John Lloyd "J.T." Taylor (born March 23, 1982) is an American musician and director. Not to be confused with the bassist of Duran Duran who shares the same name, he is best known as the lead guitarist and musical director for the pop rock band the Jonas Brothers, from 2005 to 2013. He is also in the band formerly known as Bulldozer, now known as Ocean Grove, consisting of himself and the rest of the Jonas Brothers' band: Greg Garbowsky, Ryan Liestman (formerly), and Jack Lawless.

== Career ==

=== Music ===
John Taylor helps the Jonas Brothers' music production by playing lead guitar for the band.
John's name is used in the Jonas Brothers' hit song "Lovebug". "No way, John Taylor!" can be heard clearly in the background at 1:05.
Also in the song Burnin' Up.

=== Performances ===
John Taylor has played guitar alongside the Jonas Brothers as they performed with Stevie Wonder, Brad Paisley, Steven Curtis Chapman, Michael W. Smith, Amy Grant, Vince Gill, Dan Aykroyd, Demi Lovato, Jordin Sparks, Jesse McCartney, Taylor Swift, and Miley Cyrus.

=== Television & film ===
Like bandmates Greg Garbowsky, Ryan Liestman and Jack Lawless, John Taylor has performed alongside the Jonas Brothers.

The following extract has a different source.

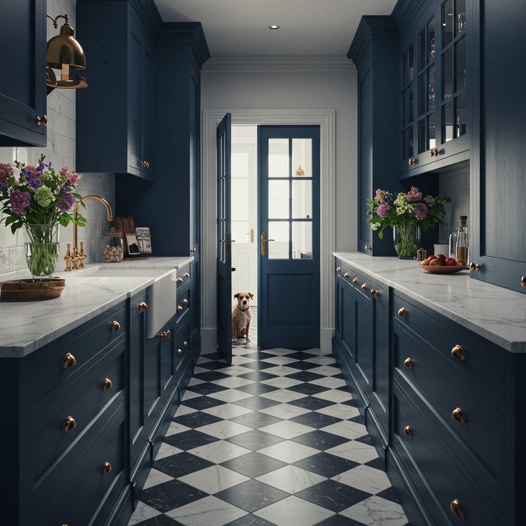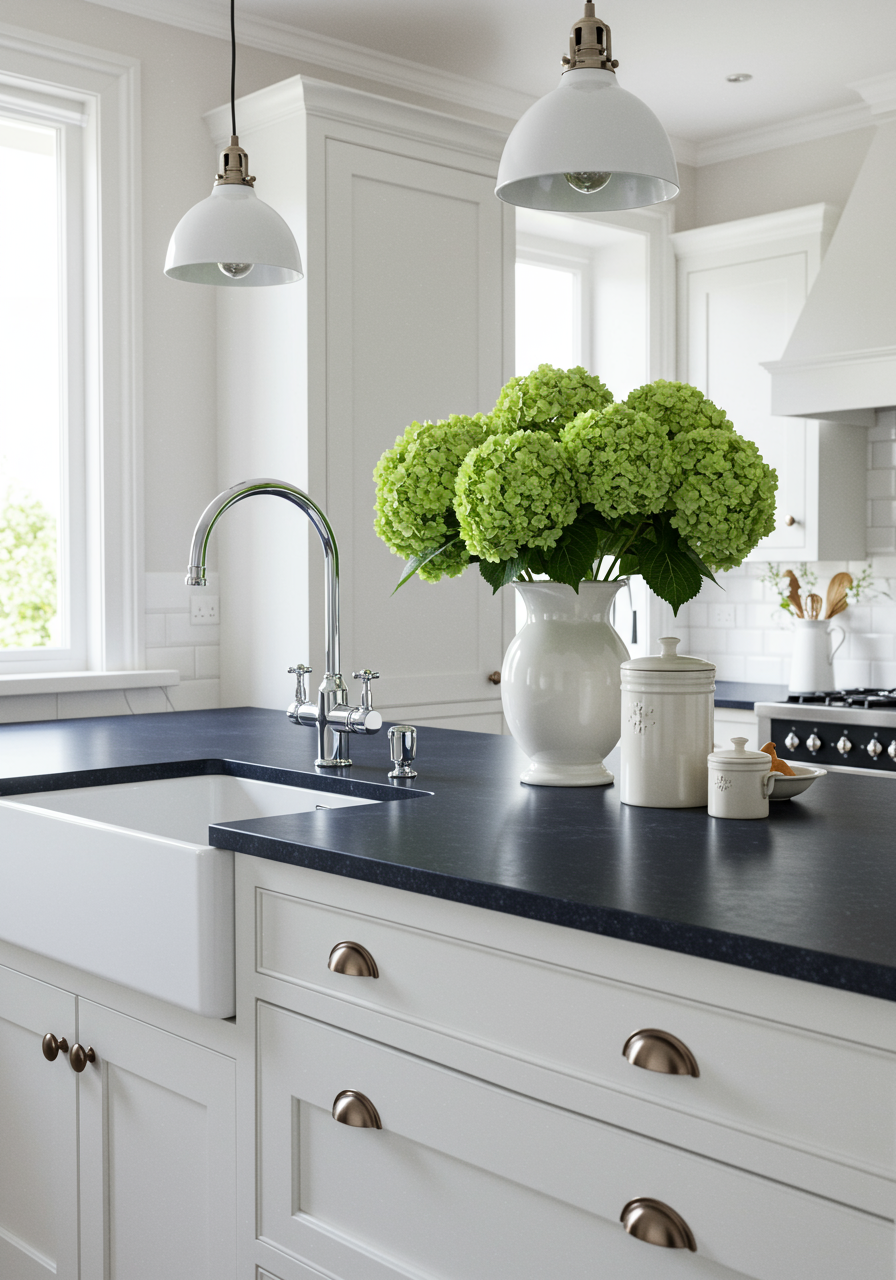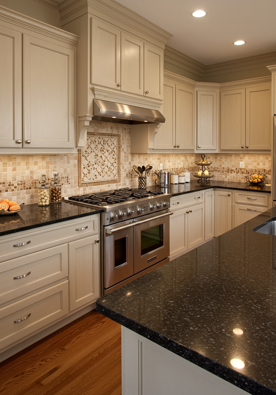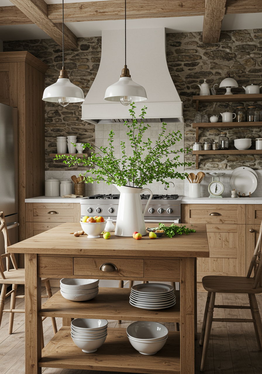 Below, I will incorporate the cabinet style and possibly the island with legs in black.

He has performed on many television and awards shows, such as the Grammy Awards, Saturday Night Live, Dick Clark's New Year's Rockin' Eve, American Music Awards, Dancing With the Stars, MTV Video Music Awards, The Much Music Video Awards, The Good Morning America Summer Concert Series, the Today Show Summer Concert Series, and FN MTV. He also made several appearances on The Ellen DeGeneres Show and many other talk shows like The Tonight Show with Jay Leno, Jimmy Kimmel Live!, Live with Regis and Kelly, and The Oprah Winfrey Show. He also played at the Disney Channel Kids Inaugural He has appeared in several episodes of Jonas Brothers: Living the Dream with the Jonas Brothers.

He performed in the Hannah Montana & Miley Cyrus: Best of Both Worlds Concert and Jonas Brothers: The 3D Concert Experience.

He also featured in episode 5, "Band's Best Friend", of the Jonas Brothers TV series, JONAS as Joe's history teacher.

He appears in Demi Lovato's 2017 YouTube documentary Demi Lovato: Simply Complicated as well as the 2019 Amazon Prime Video documentary Jonas Brothers: Chasing Happiness, which he directed.

== Personal life ==
John Taylor graduated from State College Area High School in State College, Pennsylvania before attending Berklee College of Music and Pennsylvania State University.